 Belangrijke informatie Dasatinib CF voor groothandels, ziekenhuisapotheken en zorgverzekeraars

* * *

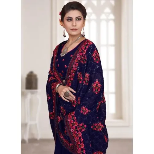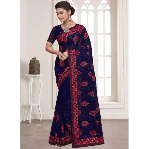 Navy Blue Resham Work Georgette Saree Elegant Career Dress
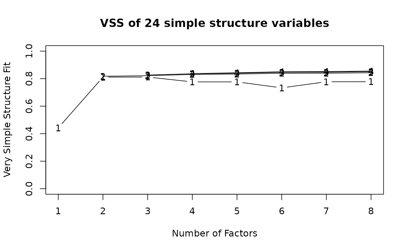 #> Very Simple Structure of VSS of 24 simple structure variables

# WHAT IS REQUIRED
Copy the lines above between the one holding "Navy Blue Resham" and the one holding "#> Very Simple", inclusive. Drop the pictures.

# ANSWER FOR THIS EXERCISE
 Navy Blue Resham Work Georgette Saree Elegant Career Dress
 #> Very Simple Structure of VSS of 24 simple structure variables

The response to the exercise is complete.